_What you have to do_: Give every line of the data again, unchanged, but with no pictures.

Data shown Start Marker

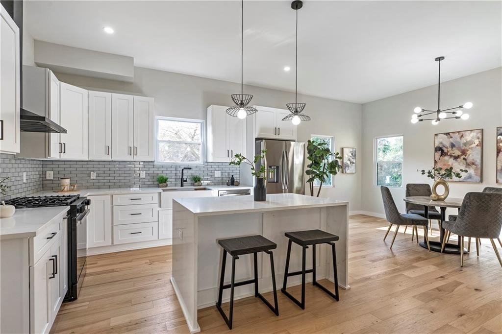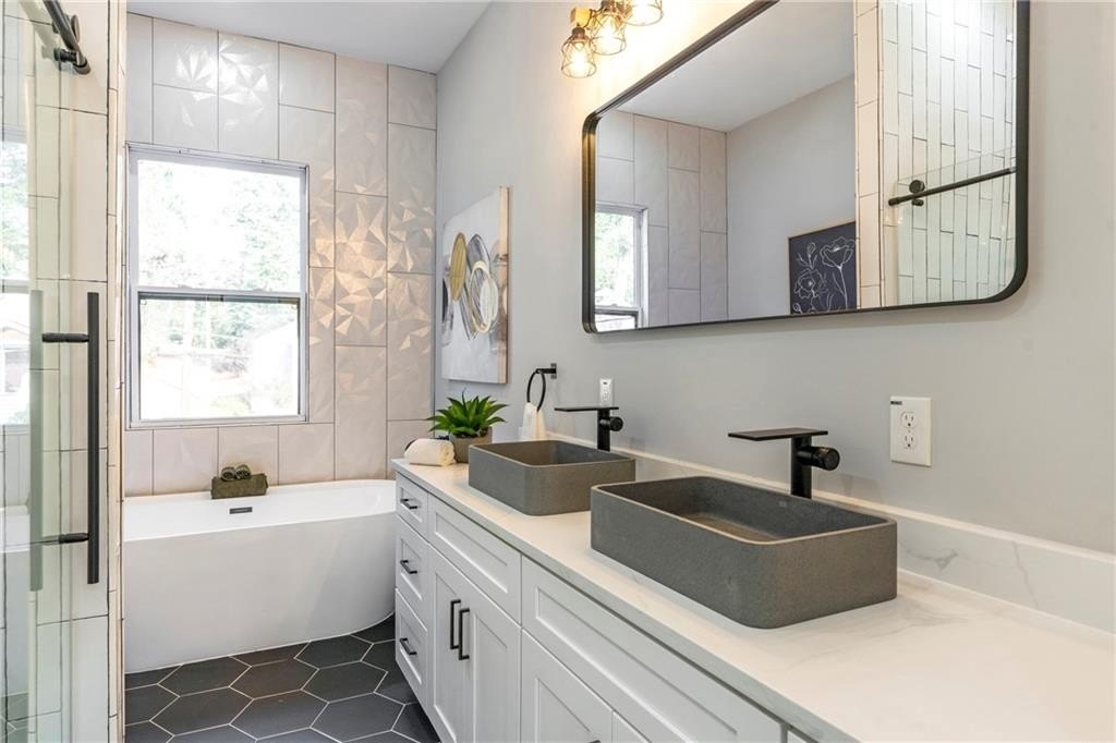 Stunning modern contemporary style new construction home with 3,700 sq ft of living space just minutes from the Atlanta BeltLine and the lively Lee + White district! This spacious home offers 5 bedrooms, 4 full baths, an open-concept main level with hardwood floors, designer lighting, and a gorgeous chef’s kitchen featuring quartz countertops, custom cabinetry, and a large waterfall edge island. At the top of the stairs, a cozy sitting area loft creates the perfect reading nook or workspace. The generous primary suite includes a large walk-in closet with a full organization system and a luxurious spa-style bathroom with a frameless glass shower, rainfall and handheld showerheads, a freestanding soaking tub, black hex tile floors, dual concrete vessel sinks, and modern matte-black fixtures. The flexible floorplan includes two main-level bedrooms, PLUS a full finished basement with private entrance and full bath—ideal for guests, office, studio, multi-generational living, or even rental potential (buyer to verify)! Outdoor living shines with an oversized covered front porch, EV wired attached garage, and a large fully fenced backyard perfect for entertaining, pets, or play. Located in a thriving corridor with major developments including Murphy Crossing, the West End Mall revitalization, and the newly announced Atrium Healthcare acquisition of The Met site. Close to breweries, dining, food halls, entertainment, and parks. A rare blend of space, style, luxury finishes, and location—move-in ready and a must-see.
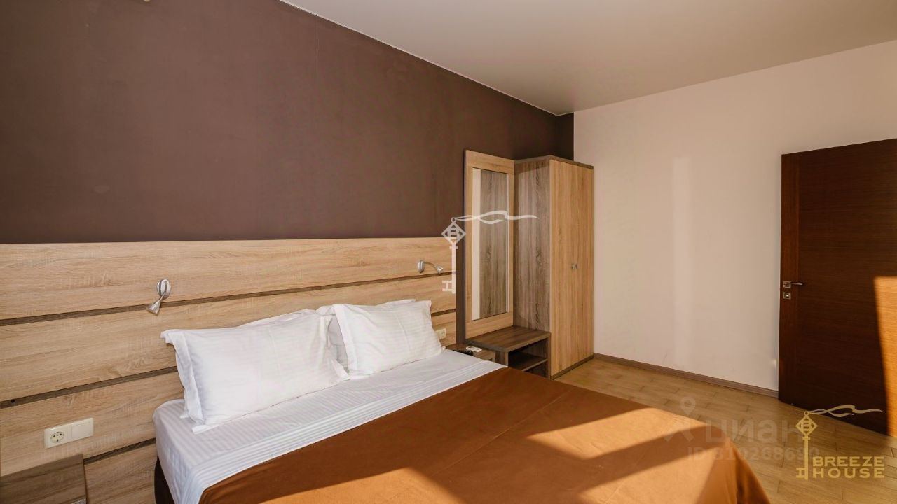 В двухэтажный корпус вход осуществляется через внутренний двор. Общая зона кухни-гостиной с необходимой техникой, две светлые спальни и санузел, а на втором этаже спальня с выходом на видовой балкон. Дом можно использовать как для собственного проживания на территории вашей гостиницы, так и сдавать.
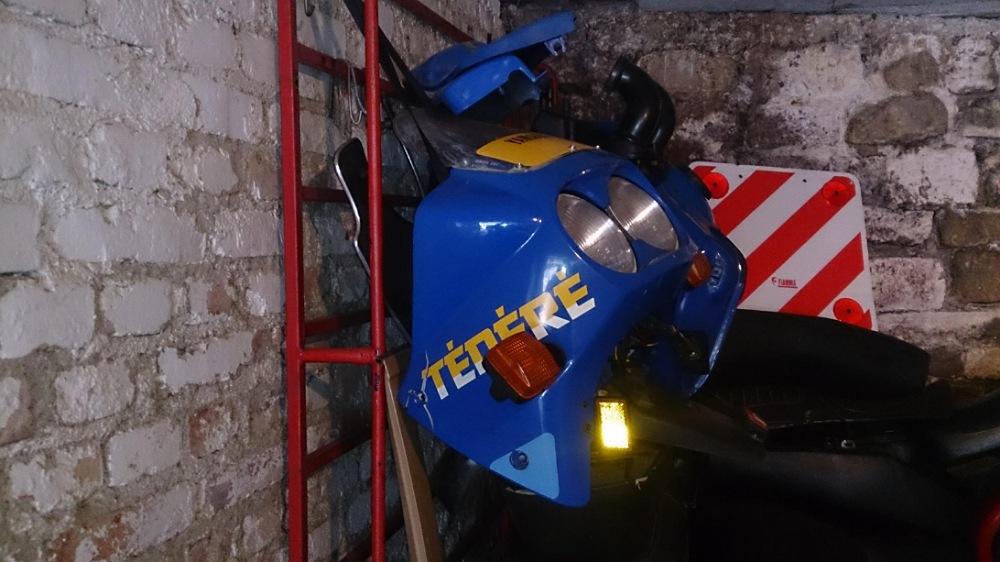 Tank, Kanzel mit Doppelscheinwerfer, Tacho und Drehzahlmesser, Seitendeckel und Luftfilterkasten (der unter dem Tank).
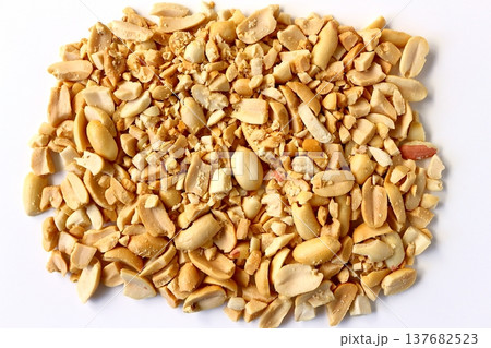從正上方俯視,可以看到白色背景上散落的碎花生。

Data shown End Marker

_Task response_:
 Stunning modern contemporary style new construction home with 3,700 sq ft of living space just minutes from the Atlanta BeltLine and the lively Lee + White district! This spacious home offers 5 bedrooms, 4 full baths, an open-concept main level with hardwood floors, designer lighting, and a gorgeous chef’s kitchen featuring quartz countertops, custom cabinetry, and a large waterfall edge island. At the top of the stairs, a cozy sitting area loft creates the perfect reading nook or workspace. The generous primary suite includes a large walk-in closet with a full organization system and a luxurious spa-style bathroom with a frameless glass shower, rainfall and handheld showerheads, a freestanding soaking tub, black hex tile floors, dual concrete vessel sinks, and modern matte-black fixtures. The flexible floorplan includes two main-level bedrooms, PLUS a full finished basement with private entrance and full bath—ideal for guests, office, studio, multi-generational living, or even rental potential (buyer to verify)! Outdoor living shines with an oversized covered front porch, EV wired attached garage, and a large fully fenced backyard perfect for entertaining, pets, or play. Located in a thriving corridor with major developments including Murphy Crossing, the West End Mall revitalization, and the newly announced Atrium Healthcare acquisition of The Met site. Close to breweries, dining, food halls, entertainment, and parks. A rare blend of space, style, luxury finishes, and location—move-in ready and a must-see.
 В двухэтажный корпус вход осуществляется через внутренний двор. Общая зона кухни-гостиной с необходимой техникой, две светлые спальни и санузел, а на втором этаже спальня с выходом на видовой балкон. Дом можно использовать как для собственного проживания на территории вашей гостиницы, так и сдавать.
 Tank, Kanzel mit Doppelscheinwerfer, Tacho und Drehzahlmesser, Seitendeckel und Luftfilterkasten (der unter dem Tank).
從正上方俯視,可以看到白色背景上散落的碎花生。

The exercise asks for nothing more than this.